其工作流程如下图(见参考1):
step1: 首先在服务器上使用TensorFLow(或pytorch、keras等)开发模型,训练出权重
step2:使用转换器将模型转换为tflite格式(flatbuffer格式)
step3:在嵌入式设备端(手机、MCU等)加载tflite模型,并执行计算,得到结果。
这篇文章继续分析tflite文件的格式。
TFlite主要由计算图与权重组成。

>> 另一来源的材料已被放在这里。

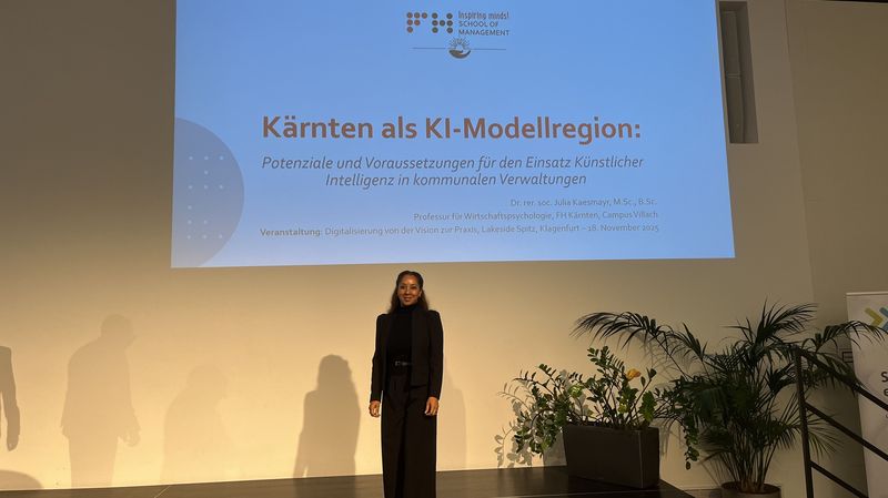 FH-Prof.in Dr.in Julia Kaesmayr (FH Kärnten) von der School of Management der FH Kärnten referierte kürzlich im Rahmen einer vom GSZ (Gemeinde Servicezentrum) organisierten Informationsveranstaltung (unter der Schirmherrschaft von LR Daniel Fellner) zum Thema Digitalisierung in Kärntner Gemeinden. In ihrer Keynote „Potenziale und Voraussetzungen für den Einsatz Künstlicher Intelligenz in den Kärntner Gemeinden“ zeigte sie eindrucksvoll, dass auch kleine Gemeinden bundesweit Maßstäbe setzen können – durch intelligente, menschenzentrierte Transformation.

如下图所示:
table Model {
version: uint,
operator_codes: [
...
],
subgraphs: [
tensors: [],
inputs: [],
outputs: [],
operators: [],
],
description: "MLIR Converted.",
buffers: [],
}
这个结构对应的图表示如右图。
其中:
operator_codes结构体定义了该模型用到的算子。
subgraphs定义了各个子图
buffer定义了数据存储区,计算图中的权重放到buffer中,通过索引来找到对应buffer,
对于subgraphs结构体:
计算图中tensors[]描述了所有的Tensor(包括input/output Tensor)
inputs与outputs指示输入输出的Tensor的id(在tensors[]结构体中的索引值)
operators结构体定义了算子,指出哪些tensor输入,经过什么算子,获得什么tensor输出,这样就可以得到数据流图。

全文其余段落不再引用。